* _PROVIDED RECORDS_

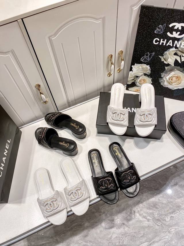 chanel 香奈儿 春夏新款 菱格双C平底拖鞋 休闲凉拖
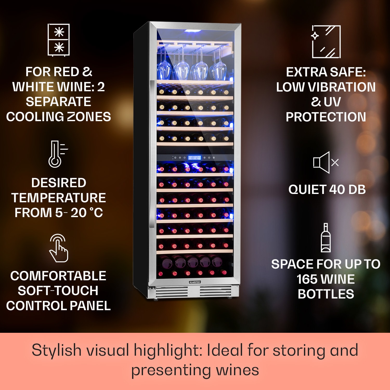 Dvojzónová vinotéka je štýlovou pastvou pre oči na akomkoľvek mieste. Presvedčí aj svojou prepracovanou funkčnosťou: vďaka dvom chladiacim zónam s rôznymi nastaveniami teploty môžete chladiť a skladovať červené i biele vína súčasne. Ušľachtilé vína totiž rozvinú svoju plnú arómu až pri správnej teplote chladenia. O dokonalý pôžitok z vína sa starajú aj predchladené poháre. Prvotriedne skladovanie vína pre reštauratérov a znalcov: Veľkokapacitná dvojzónová chladnička na víno Vinovilla Grande 116 Built-in Duo od Klarstein je štýlový úložný priestor s najlepšími podmienkami pre všetky druhy vín. Táto Dvojzónová vinotéka je ideálna pre každého, kto si chce vychutnať víno v jeho najlepšej podobe.
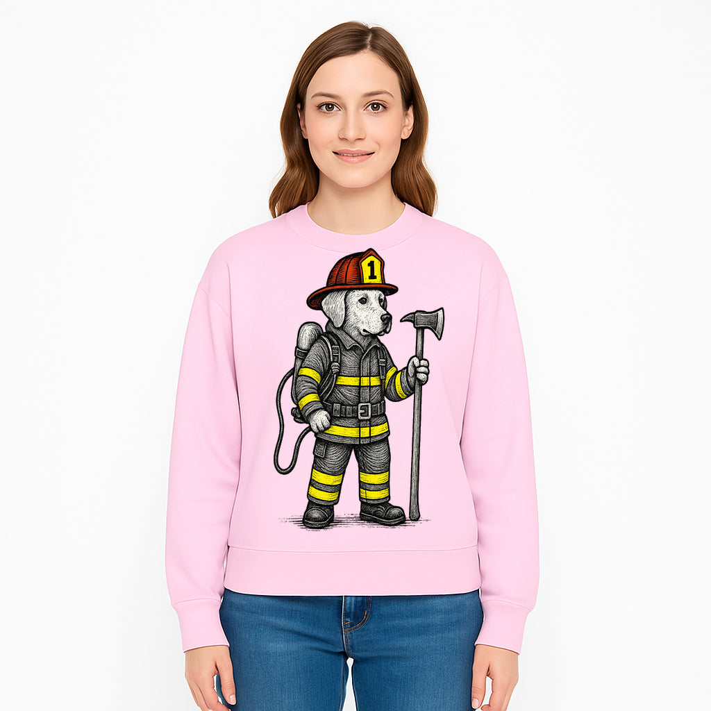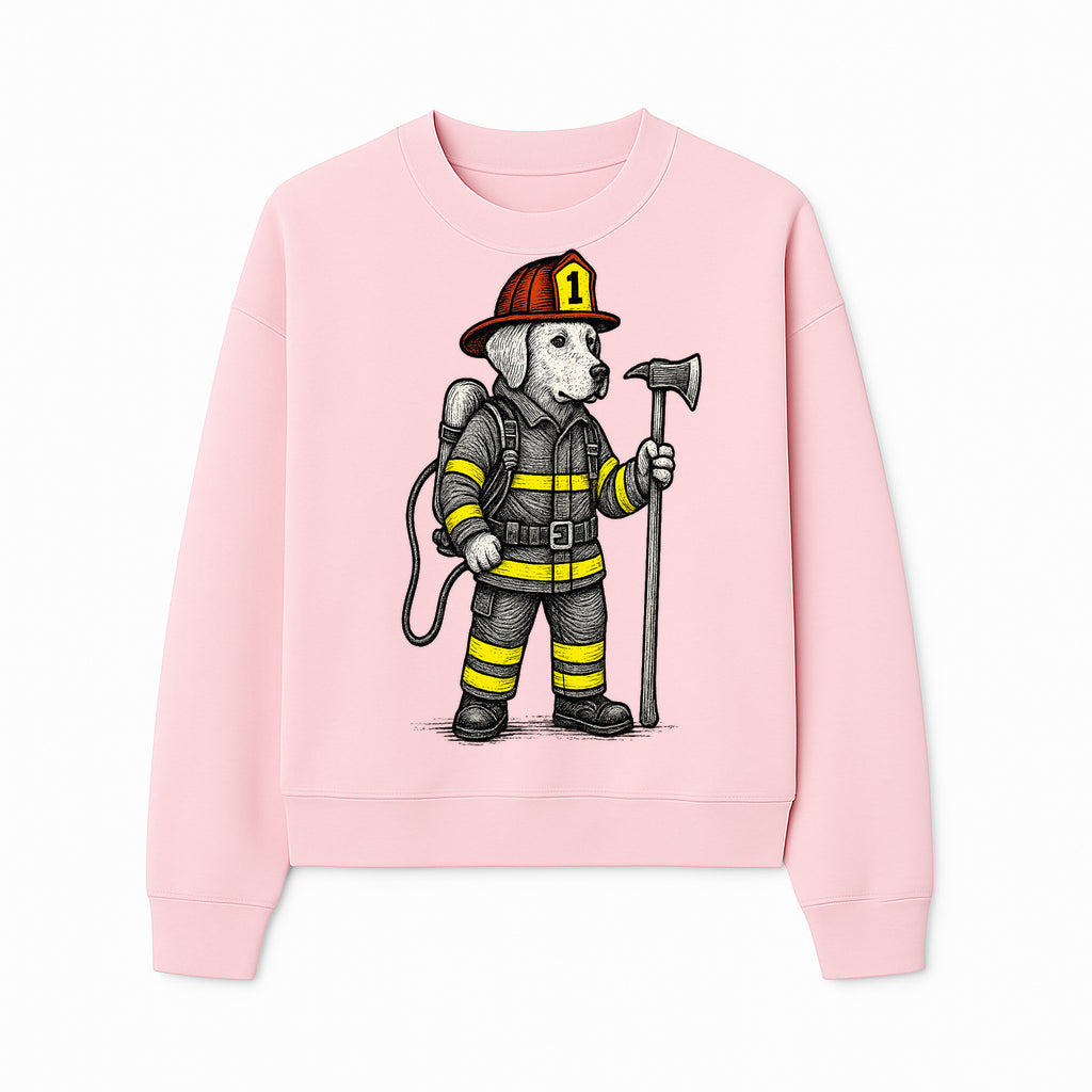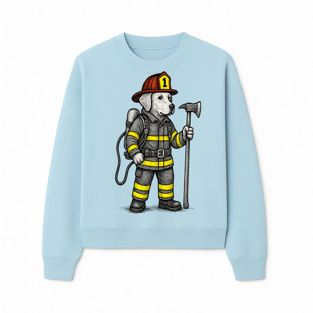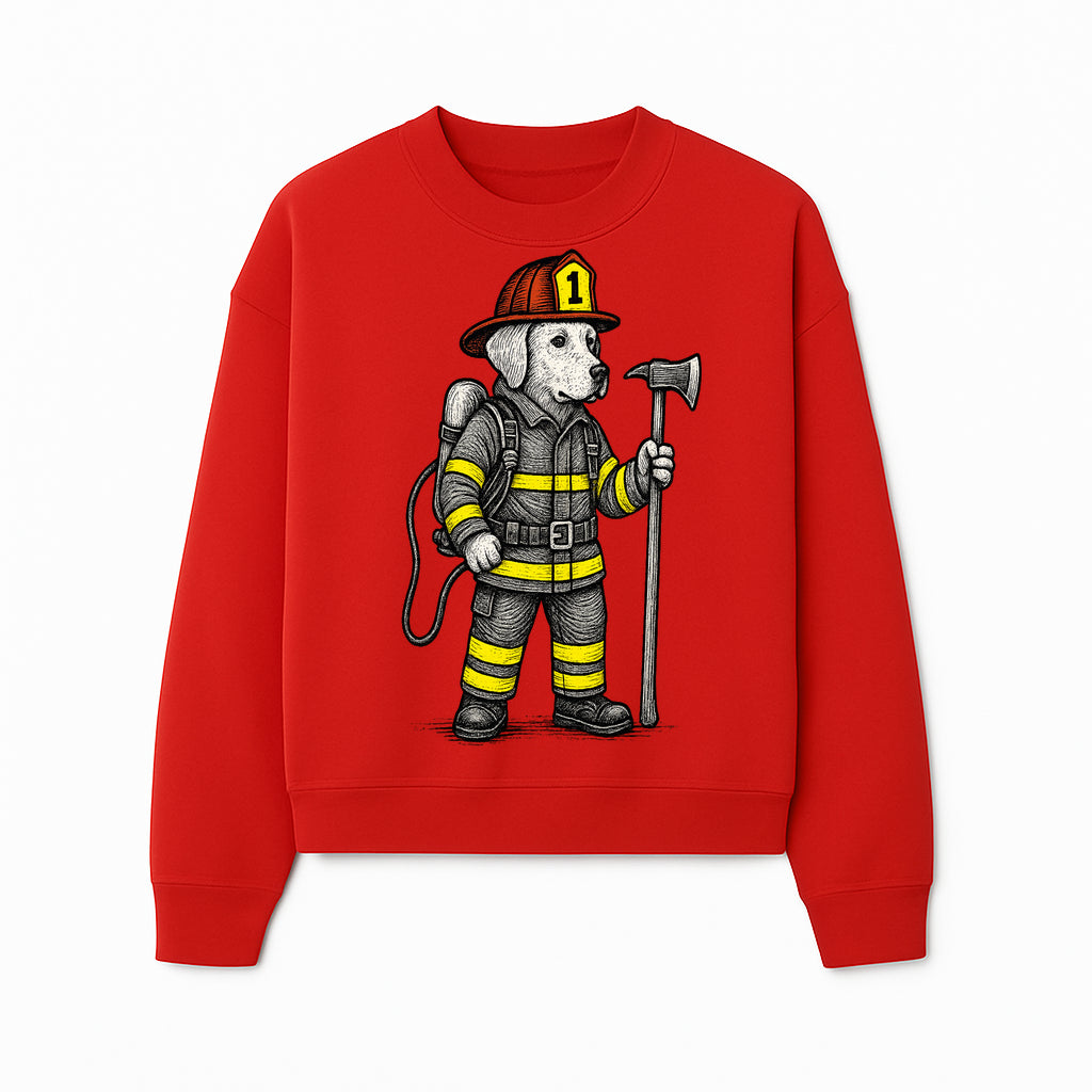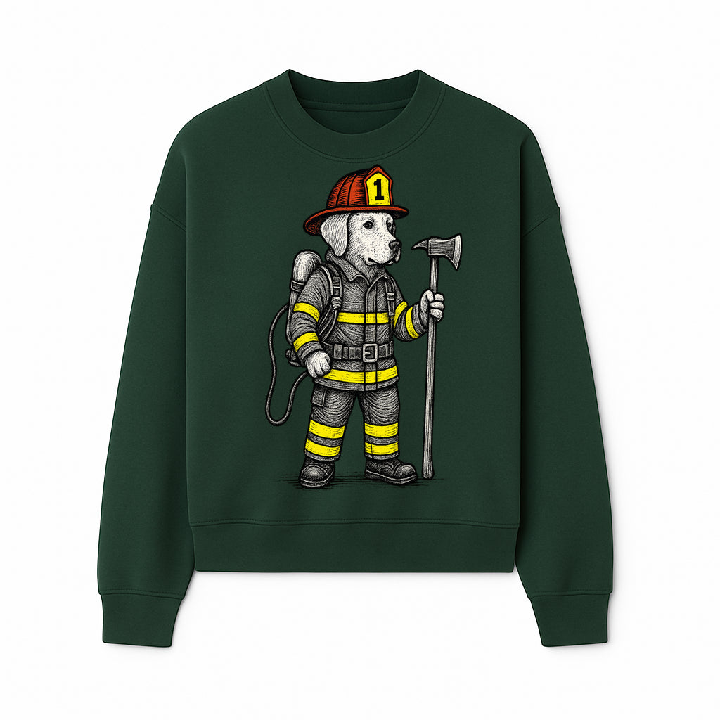 Cute Firefighter Dog Art Print | Funny Pet Decor | Gift for Dog Lovers | Cute Animal Illustration in Firefighter Uniform - Sweatshirt
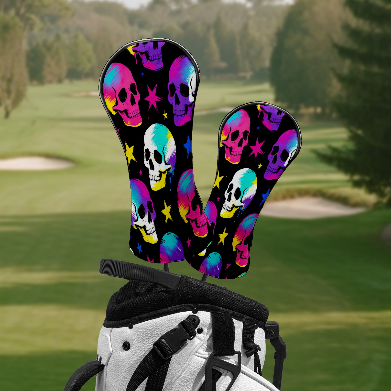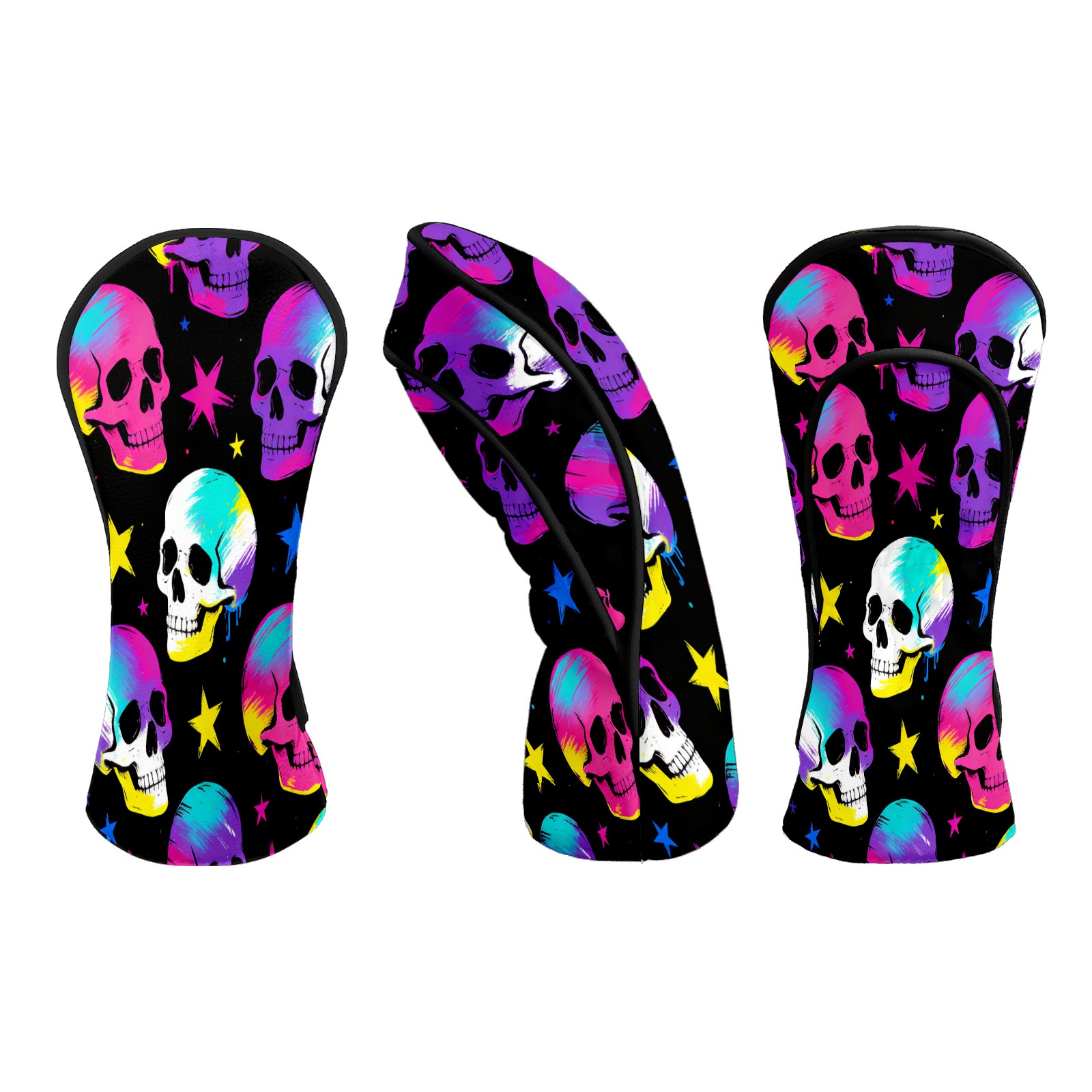 Counullo Golf Club Headcovers - Skulls Purple Premium PU Leather with Plush Lining for Driver & Fairway Woods, No-Slip Fit for All Clubs, Novelty Gift for Men & Women
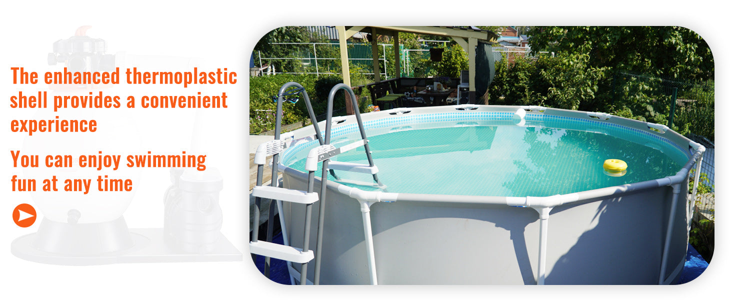 - Durable Motor and Material: Our sand pool pump has a copper wire motor that features overload protection for long-lasting running and extended service life. It's built with reinforced thermoplastic housing. making it portable. corrosion-proof. and ideal for promoting clean water quality all day long.
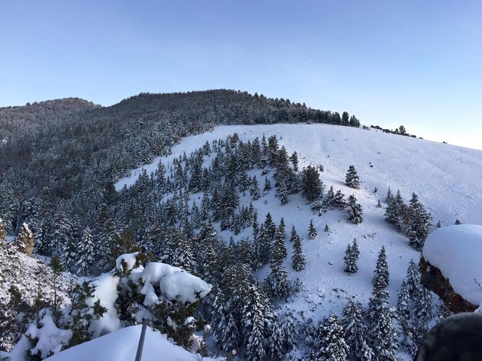 Frustrated Michael decides to look behind us and glass across the valley, where he spots 3 elk 2 miles away walking into some trees. We hop in the truck, haul ass to get as close as we can for a better look. By the time they entered the trees all we could tell was that they had big frames and walked like mature bulls, but it was the best opportunity yet. They walked into the big patch of timber in the middle of the pic. The plan was set for me to leave the truck at about 1, hike up and get into shooting position by 3 and hope that they would feed out in the same spot come evening. Like they usually do in this unit.
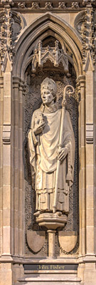 This is one of eight statues on the 19th century screen between the nave and quire of the cathedral. John Fisher was Bishop of Rochester and confessor to Margaret Beaufort and was later beheaded in the reign of her grandson, Henry VIII.
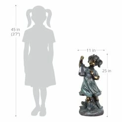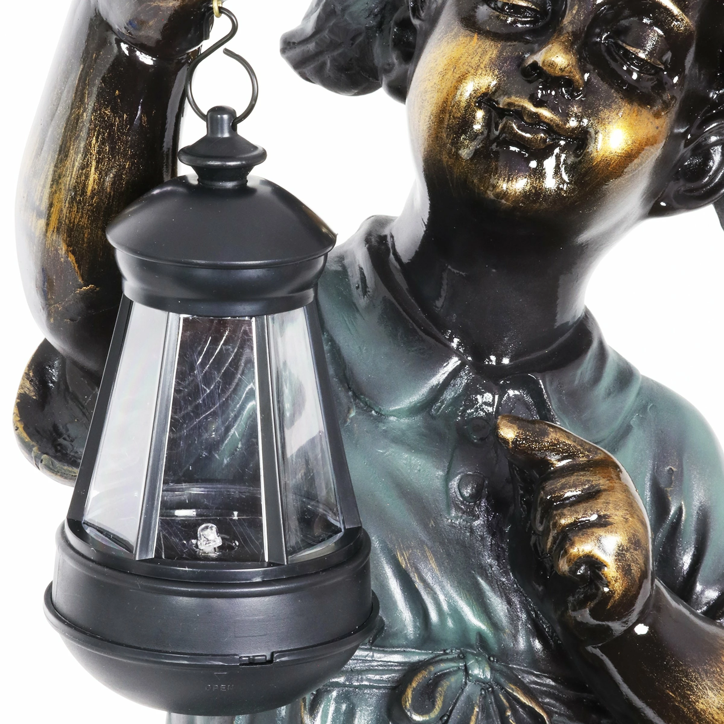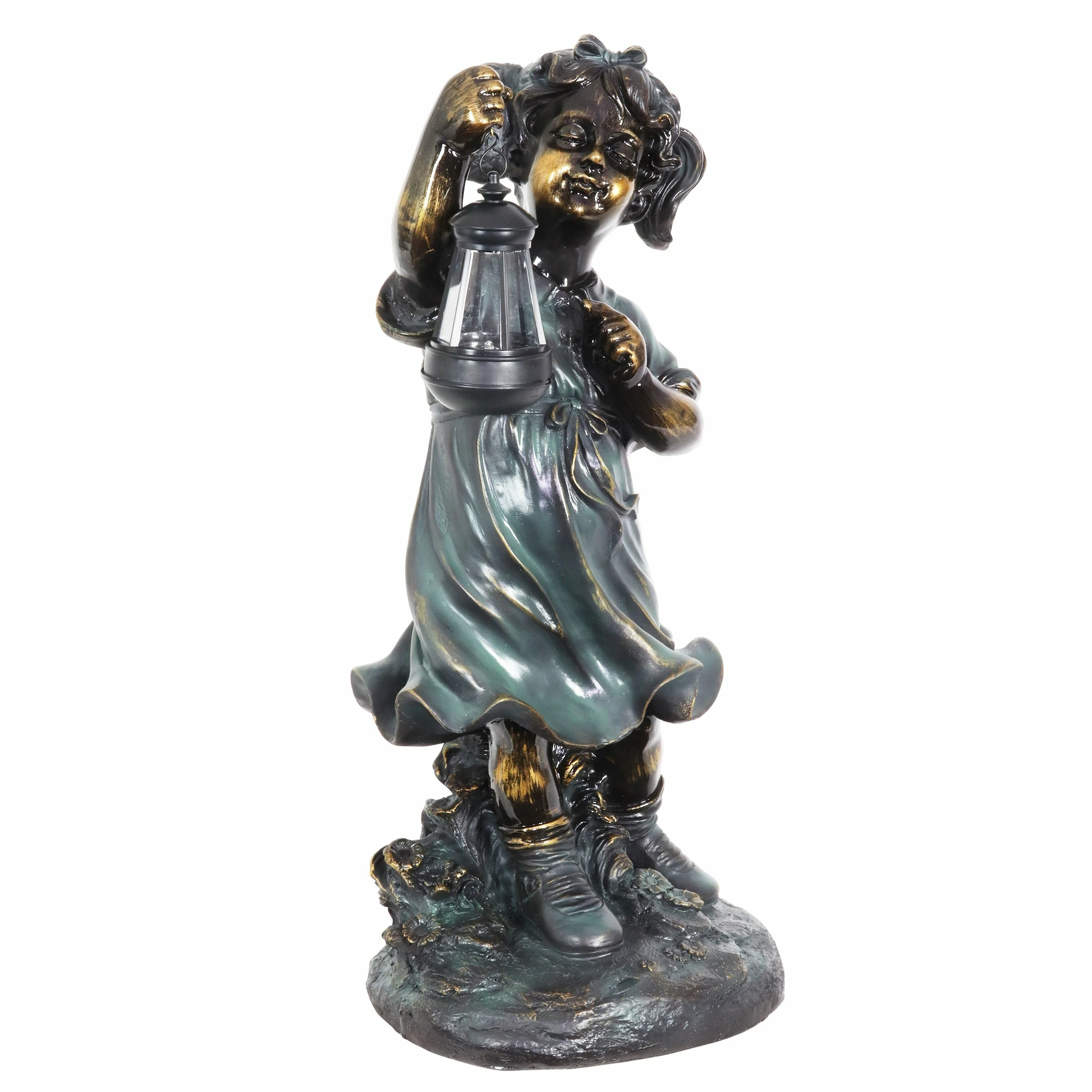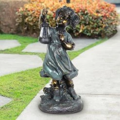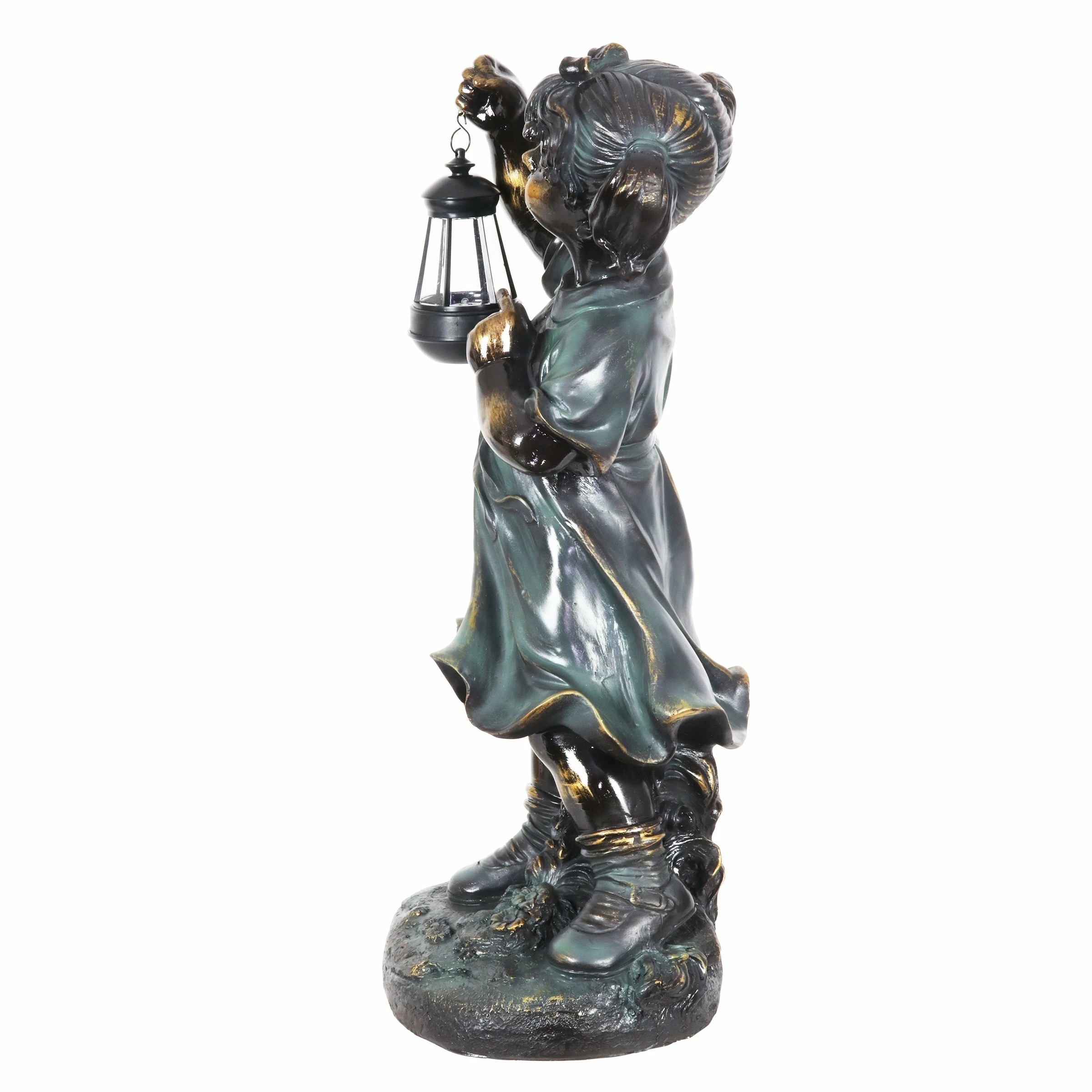 Elegant and endearing, this faux bronze statue of a girl holding a lantern illuminates in your garden! Watch as the solar powered LED light automatically glows from within the lantern at dusk, casting a glow on this heartwarming dΓ©cor. A charming and luxurious looking addition to your garden, also makes a wonderful gift!

* _TASK TO CARRY OUT_
Using the listing above, copy every line from the line containing "This is one" through the last one, both included, and no other lines. Pictures stay out.

* _EXERCISE OUTPUT_
 This is one of eight statues on the 19th century screen between the nave and quire of the cathedral. John Fisher was Bishop of Rochester and confessor to Margaret Beaufort and was later beheaded in the reign of her grandson, Henry VIII.
 Elegant and endearing, this faux bronze statue of a girl holding a lantern illuminates in your garden! Watch as the solar powered LED light automatically glows from within the lantern at dusk, casting a glow on this heartwarming dΓ©cor. A charming and luxurious looking addition to your garden, also makes a wonderful gift!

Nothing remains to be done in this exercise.